Das geplante Gewerbegebiet wurde bisher als Weidefläche sowie als Betriebsfläche landwirtschaftlich genutzt. Das nach Westen abfallende Gelände wird zur besseren Nutzbarkeit durch Erdbauarbeiten nivelliert und profiliert werden; eine Terrassierung ist mit Bodenmaterial aus benachbarten Vorhaben möglich. Die Erschließung erfolgt über einen Anschluss an die bestehende Leinenweberstraße.

Für die zukünftige Gewerbefläche wird nun ein Bebauungsplan „Gewerbepark Helfersgrund – Hohe Luft“ aufgestellt.

In Schwelm fehlen 25.000 m² Gewerbefläche

Schwelm in Nordrhein-Westfalen ist als Wirtschaftsstandort beliebt. Nun schlägt Simon Nowack, seit Januar 2019 Wirtschaftsförderer der Stadt Schwelm, Alarm: „Ich könnte Interessenten für gut 250.000 Quadratmeter Gewerbeflächen-Grundstücke aus dem Hut zaubern – alles interessante Unternehmen, die Arbeitsplätze und Steuereinnahmen bringen würden.“ Nur leider sind Gewerbeflächen in der Kreisstadt Mangelware. Aktuell liegen dem Rathaus 28 Anfragen vor. Gefragt sind Flächengrößen zwischen 1.000 und 90.000 Quadratmetern.

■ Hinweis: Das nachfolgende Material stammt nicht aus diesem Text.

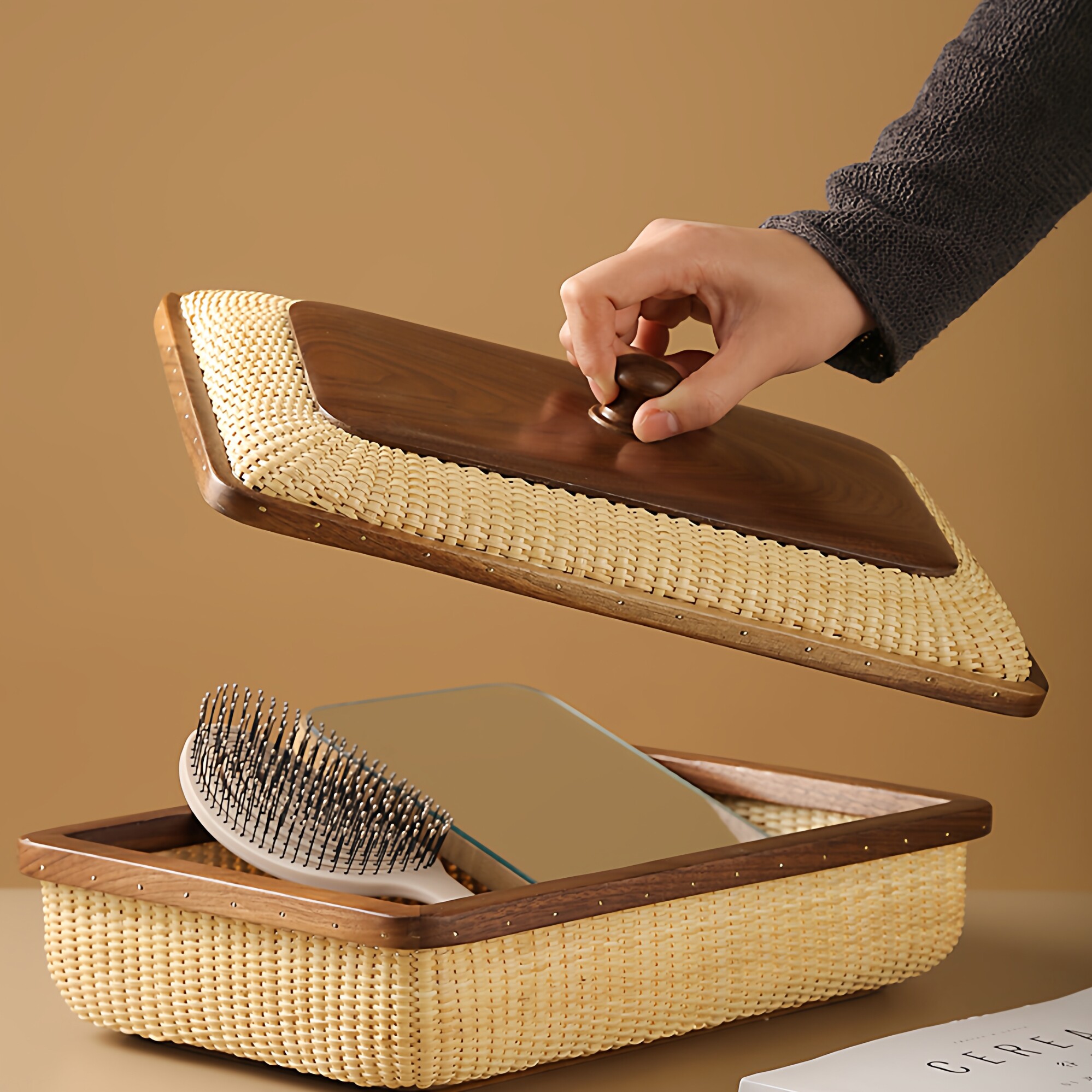 这款藤编时尚桌面收纳盒,融合日式极简美学与实用功能,采用天然藤条与实木框架精工编织而成,环保耐用,质感温润。带盖设计防尘防潮,既能收纳零食、文具、化妆品等小物,也可作茶几装饰篮,提升家居格调。竹编纹理细腻自然,搭配原木色调,轻松融入北欧、侘寂或新中式风格空间。小巧精致却不失容量,既是网红家居好物,也是送礼佳选。无论是客厅、卧室还是办公桌,都能为生活增添一份自然雅致与井然有序,是现代人追求品质生活的理想收纳伴侣。

Schwelm ist nun seit wenigen Tagen Mitglied im Flächenpool NRW. Bürgermeisterin Gabriele Grollmann-Mock hat bei einem Besuch von Franz Meiers, Geschäftsführer des Landesentwicklungsgesellschaft NRW-Urban, im Rathaus die entsprechende Vereinbarung mit dem Land unterzeichnet. Schwelm ist damit eine von zwölf Städten und Gemeinden, die im Rahmen des fünften Auswahlverfahrens in den Flächenpool NRW aufgenommen wurde. Bis zu vier Flächen könnten so in den kommenden fünf Jahren entwickelt werden. Die Kreisstadt macht den Anfang mit einem geplanten neuen Gewerbegebiet mit rund 40.000 Quadratmetern, ausgelegt für „mittelständiges Kleingewerbe“.